14 DAY TRIAL // Even without the current oil spill affecting the Gulf of Mexico, the area is very polluted on its own. Every year, waves of agricultural and human runoffs are spilled into its waters from the Mississippi Basin, creating so-called “dead zones.” In these areas, animals either flee or die, and the regions stretch for tens of miles in all directions. Now, with the massive oil slick covering a huge swath of the Gulf's surface, researchers wonder as to how the two phenomena will intermingle, and what the results will be. The answer to this question could extensively benefit the clean-up efforts, ScienceNow reports.
Dead zones grow annually through a fairly simply mechanism. The runoffs hitting the Gulf carry with them high concentrations of nitrogen, a chemical that promotes the development of algal blooms. After the plants die, they naturally sink to the ocean floor, where special bacteria show up to consume them. The issue is that these microorganisms have a very high oxygen intake level, basically taking the chemical out of the water. Without it, fish and other marine creatures only have two options – flee the affected areas or die of suffocation. Several such dead regions developed in the Gulf yearly.
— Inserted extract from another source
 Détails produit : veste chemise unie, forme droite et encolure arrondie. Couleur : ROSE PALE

Now, experts say that the oil slick is covering the exact area where oxygen depletion phenomena take place. The investigators are not exactly sure what will happen when the two phenomena will interact. The thing is that both are incredibly complex sets of events, joined together under a single “banner.” Numerous teams are currently on-site, collecting water samples for analysis. Clues derived in this manner could help them figure out what's going on at least partially. There are two main possibilities to consider, the scientists say – either the oil slick will help the dead zones grow, or they will prevent hypoxic regions from doing so.
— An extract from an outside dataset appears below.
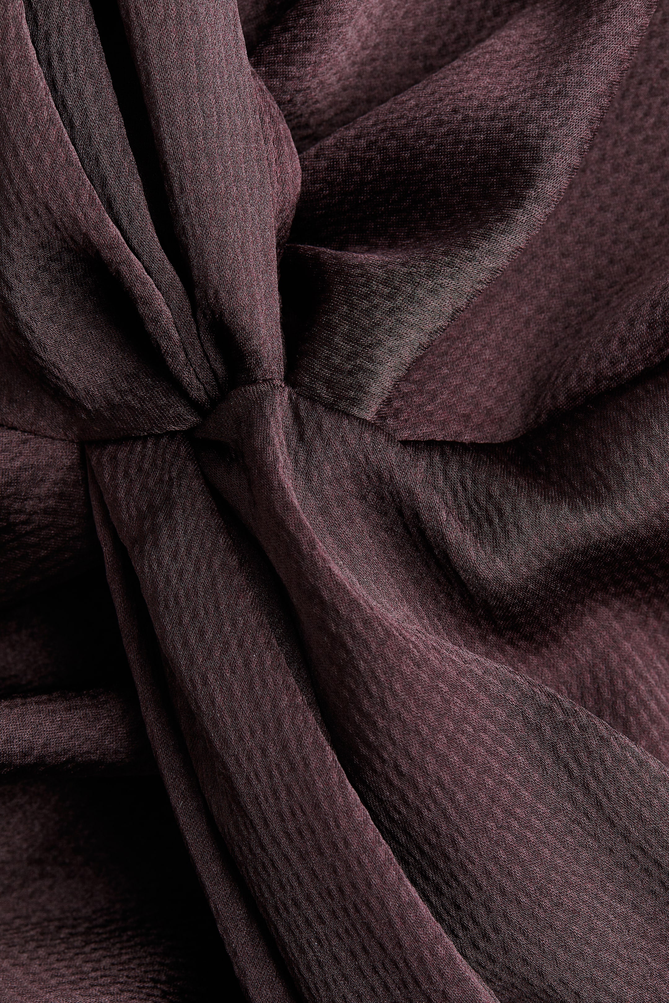 Calf-length, fitted dress in a textured weave with a slight sheen. Deep V-neckline and a twisted section at the waist for a gently draped effect. Short sleeves and a concealed zip and hook-and-eye fastener at the back. Unlined.

Small droplets of oil in the water could promote the growth of microbe populations that need oxygen to survive. These microorganisms are capable of feeding on oil, but they have negative effects on marine life. The oil slick could also prevent oxygen from entering the water, further reducing levels. On the other hand, the sheen could also prevent sunlight from penetrating the water, and photosynthetic phytoplankton needs this in order to survive. Blooms could therefore be reduced, starving microbes. The direction in which things will evolve is, however, very fuzzy. “We have no idea right now what's going on,” explains biological oceanographer Nancy Rabalais, who has been studying the dead zones for 25 years. She is based at the Louisiana Universities Marine Consortium in Chauvin who has studied the dead zone for the past 25 years.